§ **What you have to do**
Your response should be an exact transcription of the data, images excluded.

╭─ Dataset excerpt

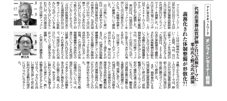 代理店業務品質評価と自己点検テーマに 栗山氏と野元氏が講演
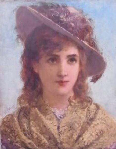 Head and shoulders of a pretty young girl wearing a wide brimmed hat and lace shawl
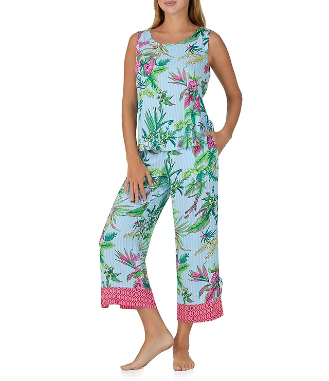 Sanctuary Sleeveless Scoop Neck Animal Print Jersey Knit Cropped Pajama Set

╰─

§ **Solution**
 代理店業務品質評価と自己点検テーマに 栗山氏と野元氏が講演
 Head and shoulders of a pretty young girl wearing a wide brimmed hat and lace shawl
 Sanctuary Sleeveless Scoop Neck Animal Print Jersey Knit Cropped Pajama Set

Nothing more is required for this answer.